Riscaldamento globale, situazione fuori controllo: cosa accade alla Terra

Una nuova ricerca lancia l’allarme su uno degli effetti poco noti del riscaldamento globale: riguarda i mari.

Il riscaldamento globale non consiste soltanto in ondate di calore sempre più afose e persistenti. Si ripercuote anche sugli ambienti marini. I suoi effetti si producono anche sui fondali degli oceani, non soltanto in superficie.

Al punto che le perturbazioni dei fondali marini sono state rilevate dalle reti globali di sismografi, gli strumenti che servono per monitorare i terremoti ma che sono sufficientemente sensibili da captare anche gli effetti di altri fenomeni dove è in gioco molta energia.

I sismografi riescono a rilevare anche le eruzioni dei vulcani, gli impatti dei meteoriti, le esplosioni atomiche. E non solo: alle sensibili “antenne” dei sismografi non sfuggono nemmeno le trivellazioni, i lavori dei cantieri e degli impianti industriali. Sono in grado di rilevare perfino il traffico stradale.

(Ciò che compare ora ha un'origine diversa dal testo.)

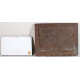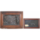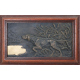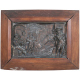 Lotto di due bassorilievi in bronzo patinato: uno raffigurante scena d'interno con musicanti ed uno raffigurante cane da caccia, con cornici. cm24x37/18x32

Riscaldamento globale: ecco come sta scuotendo il pianeta

Come documenta una ricerca apparsa su Nature Communications, nell’arco degli ultimi decenni il segnale sismico delle onde oceaniche si è fatto decisamente più intenso. Un chiaro segnale che significa una cosa soltanto: mari sempre più increspati e agitati. Il che si traduce in onde sempre più forti causate dal riscaldamento globale e fondali marini sempre più scossi.

Effetti del riscaldamento globale sui mari
I mari sono sempre più scossi dal calore in eccesso – lineatemporale.it

Il segnale “catturato” dai sismologi è l’elemento più significativo del cosiddetto rumore di fondo, vale a dire la componente generalmente scartata durante le procedure per interpretare le forme di onde. Ossia il costante “ronzio” delle onde marine negli oceani in tempesta.

Un team di ricerca di geofisici americani della Colorado State University ha voluto approfondire il discorso cercando di capire come si è modifica una specifica porzione del rumore sismico di fondo, detta microsismo (o microsisma) primario. È appunto il segnale originato dalle onde oceaniche che vanno a “spingere” direttamente sul fondale, nelle zone dove la profondità marina non va oltre i 300 metri. Infatti il movimento dell’acqua all’interno delle onde diminuisce con l’aumentare della profondità.

Mari sempre più scossi da un accumulo di energia distruttiva

Studiando il microsisma primario registrato dalla fine degli anni Ottanta da 52 sismografi posizionati nel mondo, gli scienziati si sono accorti che ben 41 di questi (pari al 79% del totale) avevano rilevato movimenti sempre più intensi. L’energia media globale delle onde oceaniche dalla fine dello scorso secolo si è accresciuta in media al ritmo di uno 0,27% all’anno. Ma a partire dall’anno 2000′ il ritmo è cresciuto ancor di più, nella misura dello 0,35% all’anno.

Più energia che circola nei mari, dunque, e acque più agitate. Gli aumenti più rapidi si sono verificati nel Nord Atlantico, una zona che altri studi recenti hanno mostrato come sempre più attraversata da tempeste che arrivano a minacciare le coste. Non serve che pensare alla recentissima Tempesta Ciarán, con venti che hanno soffiato sul continente europeo alla velocità di 200 hm/h e onde anche di 20 metri (sic!).

La ricerca americana conferma una volta di più che gli oceani – assorbendo il 90% del calore in eccesso collegato alle emissioni – si stanno caricando di energia distruttiva, diventando sempre più tempestosi e turbolenti a mano a mano che aumenta il global warming.